HONG KONG (BLOOMBERG) - China caught traders off-guard with a surprise injection into the financial system via loans to banks, ahead of data on Friday (Oct 18) which is expected to show a further slowdown in the domestic economy.
The People's Bank of China added 200 billion yuan (S$38 billion) of one-year cash through the medium-term lending facility on Wednesday. It kept the interest rate steady.
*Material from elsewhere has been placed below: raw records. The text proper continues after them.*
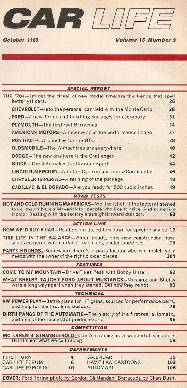 Reviews CAR LIFE 1969 OCT - NEW 70s CARS, GLEN, UNSER'S PEAK, WHAT SHELBY TAUGHT FORD
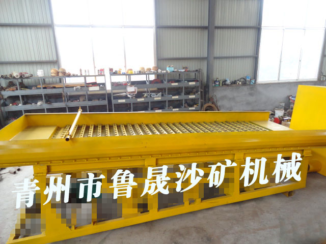 它的工作原理是上下鼓動(dòng),底部有硅膠板。硅膠板上部有隔水槽用于分流進(jìn)水和富集黃金。鼓動(dòng)溜槽通過(guò)上下鼓動(dòng)將輕重礦物分離,輕的沙子通過(guò)上下鼓動(dòng)的水流帶走排出為尾礦,精礦比重高會(huì)留在被隔水槽留住,留在隔水槽的底部。這種溜槽因?yàn)榘l(fā)明的時(shí)間早,知道此設(shè)備的人多,所以用的比較多。但是這個(gè)設(shè)備的弊端也非常的明顯,因?yàn)樗荒芑厥沾箢w粒的黃金,細(xì)顆粒的毛細(xì)金、片金、微粒金都會(huì)隨水跑掉的。
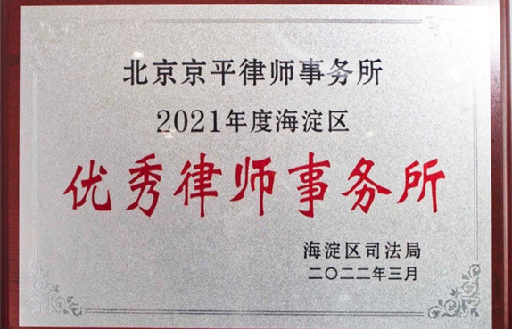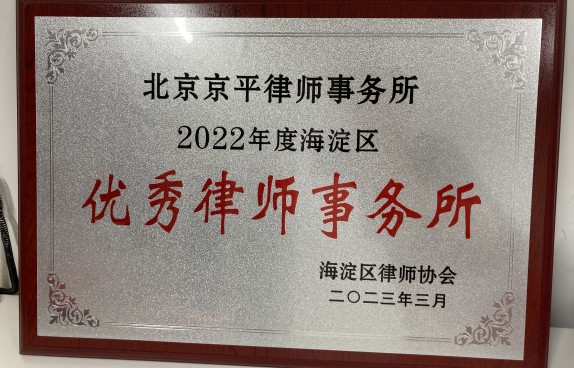 • 北京京平律師事務(wù)所榮獲2022年度海淀區(qū)“優(yōu)秀律師事務(wù)所”稱號
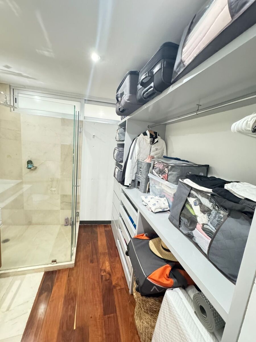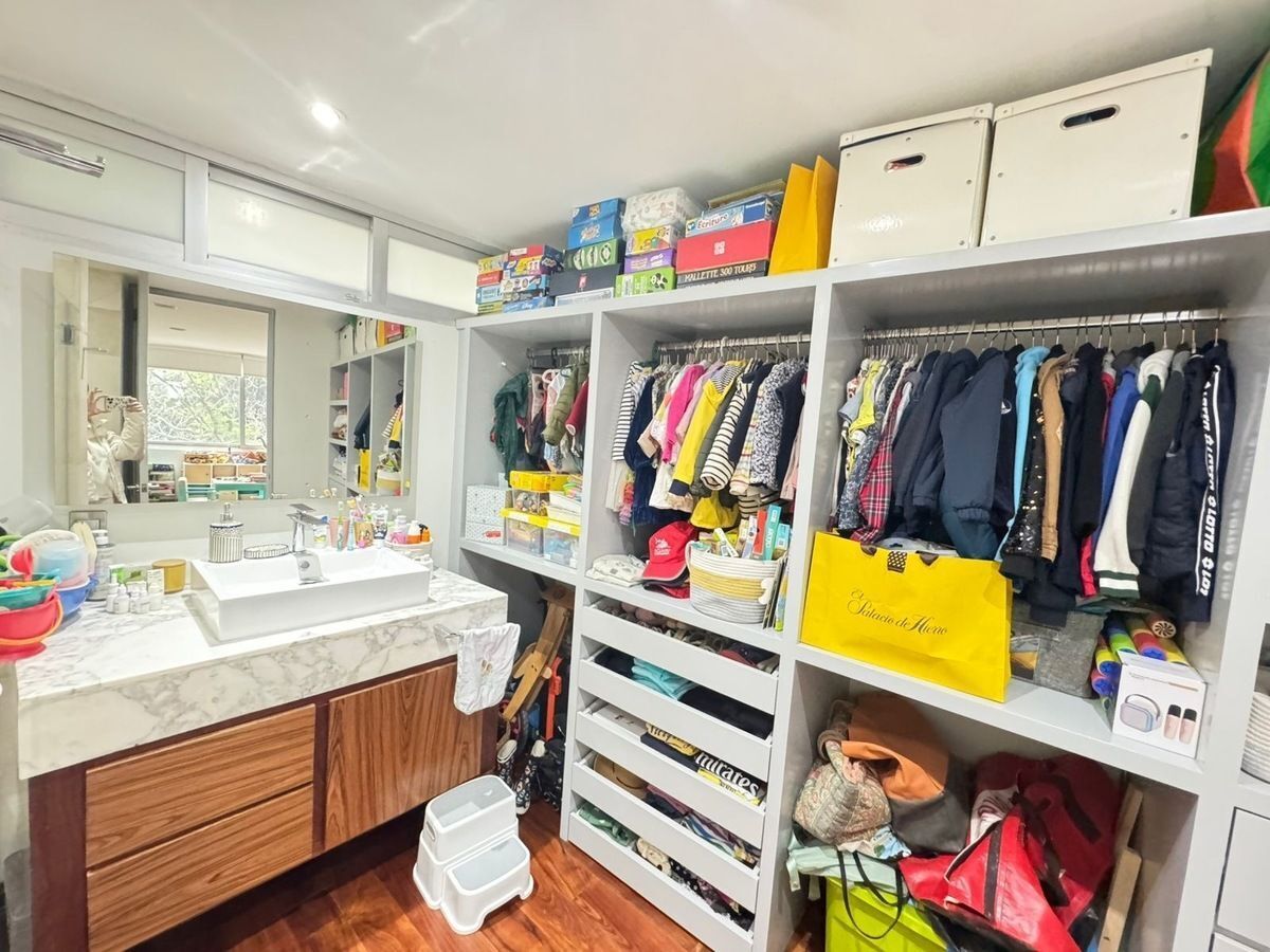 La carpintería de los closets y muebles empotrados de baño es madera y las cubiertas mármol
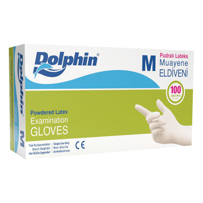 Dolphin Muayene Eldiveni Pudralı Beyaz M 100lü

The move took traders by surprise, as the authorities usually inject liquidity when previously offered loans come due, and the next batch won't mature until Nov 5.
The Chinese economy has been under pressure amid a prolonged trade dispute with the United States and a slowing domestic economy, prompting the central bank to ease monetary policy by lowering corporate borrowing costs and cutting banks' reserve ratios this year.
Data released this week showed that China's factory deflation deepened and imports and exports fell last month.
"It's not expected by the market," said Ms Becky Liu, head of China macro strategy at Standard Chartered, referring to the cash injection.
"They probably want to inject more long-term liquidity" to ensure ample supply during the tax payment season in mid-October and to support the economy, which is still facing growth pressure, she said.
Market reaction is muted, however, "probably as the rate is kept unchanged" while other central banks are cutting interest rates, according to Frances Cheung, head of Asia macro strategy at Westpac Banking Corp.
The yield on China's 10-year government bonds fell one basis point to 3.16 per cent as of 10.34am in Shanghai.